Records from a data collection
%%
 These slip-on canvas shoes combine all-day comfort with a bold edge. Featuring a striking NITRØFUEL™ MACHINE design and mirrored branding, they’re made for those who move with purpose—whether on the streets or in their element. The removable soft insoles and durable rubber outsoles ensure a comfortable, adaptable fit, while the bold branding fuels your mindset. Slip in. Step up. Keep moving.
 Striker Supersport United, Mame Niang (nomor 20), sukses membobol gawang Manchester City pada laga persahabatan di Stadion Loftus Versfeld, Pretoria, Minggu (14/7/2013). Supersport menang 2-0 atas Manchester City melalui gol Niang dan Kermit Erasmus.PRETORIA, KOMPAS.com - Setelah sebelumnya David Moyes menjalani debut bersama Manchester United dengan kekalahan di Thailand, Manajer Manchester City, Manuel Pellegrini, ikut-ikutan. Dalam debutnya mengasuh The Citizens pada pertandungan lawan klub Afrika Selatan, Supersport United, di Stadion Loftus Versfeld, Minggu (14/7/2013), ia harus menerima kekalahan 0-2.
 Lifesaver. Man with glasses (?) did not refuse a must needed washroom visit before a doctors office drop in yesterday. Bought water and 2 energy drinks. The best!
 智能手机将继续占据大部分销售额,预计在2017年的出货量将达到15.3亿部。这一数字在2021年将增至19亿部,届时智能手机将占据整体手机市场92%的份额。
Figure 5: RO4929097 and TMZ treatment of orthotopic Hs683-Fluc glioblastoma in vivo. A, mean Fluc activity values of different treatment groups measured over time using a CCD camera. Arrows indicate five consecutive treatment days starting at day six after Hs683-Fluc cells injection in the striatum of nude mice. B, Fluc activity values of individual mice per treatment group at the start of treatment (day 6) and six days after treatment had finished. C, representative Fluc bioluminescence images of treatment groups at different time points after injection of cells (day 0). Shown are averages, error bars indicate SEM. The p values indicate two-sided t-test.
%%
Keep the wording exact. Give all of the records again.

 These slip-on canvas shoes combine all-day comfort with a bold edge. Featuring a striking NITRØFUEL™ MACHINE design and mirrored branding, they’re made for those who move with purpose—whether on the streets or in their element. The removable soft insoles and durable rubber outsoles ensure a comfortable, adaptable fit, while the bold branding fuels your mindset. Slip in. Step up. Keep moving.
 Striker Supersport United, Mame Niang (nomor 20), sukses membobol gawang Manchester City pada laga persahabatan di Stadion Loftus Versfeld, Pretoria, Minggu (14/7/2013). Supersport menang 2-0 atas Manchester City melalui gol Niang dan Kermit Erasmus.PRETORIA, KOMPAS.com - Setelah sebelumnya David Moyes menjalani debut bersama Manchester United dengan kekalahan di Thailand, Manajer Manchester City, Manuel Pellegrini, ikut-ikutan. Dalam debutnya mengasuh The Citizens pada pertandungan lawan klub Afrika Selatan, Supersport United, di Stadion Loftus Versfeld, Minggu (14/7/2013), ia harus menerima kekalahan 0-2.
 Lifesaver. Man with glasses (?) did not refuse a must needed washroom visit before a doctors office drop in yesterday. Bought water and 2 energy drinks. The best!
 智能手机将继续占据大部分销售额,预计在2017年的出货量将达到15.3亿部。这一数字在2021年将增至19亿部,届时智能手机将占据整体手机市场92%的份额。
Figure 5: RO4929097 and TMZ treatment of orthotopic Hs683-Fluc glioblastoma in vivo. A, mean Fluc activity values of different treatment groups measured over time using a CCD camera. Arrows indicate five consecutive treatment days starting at day six after Hs683-Fluc cells injection in the striatum of nude mice. B, Fluc activity values of individual mice per treatment group at the start of treatment (day 6) and six days after treatment had finished. C, representative Fluc bioluminescence images of treatment groups at different time points after injection of cells (day 0). Shown are averages, error bars indicate SEM. The p values indicate two-sided t-test.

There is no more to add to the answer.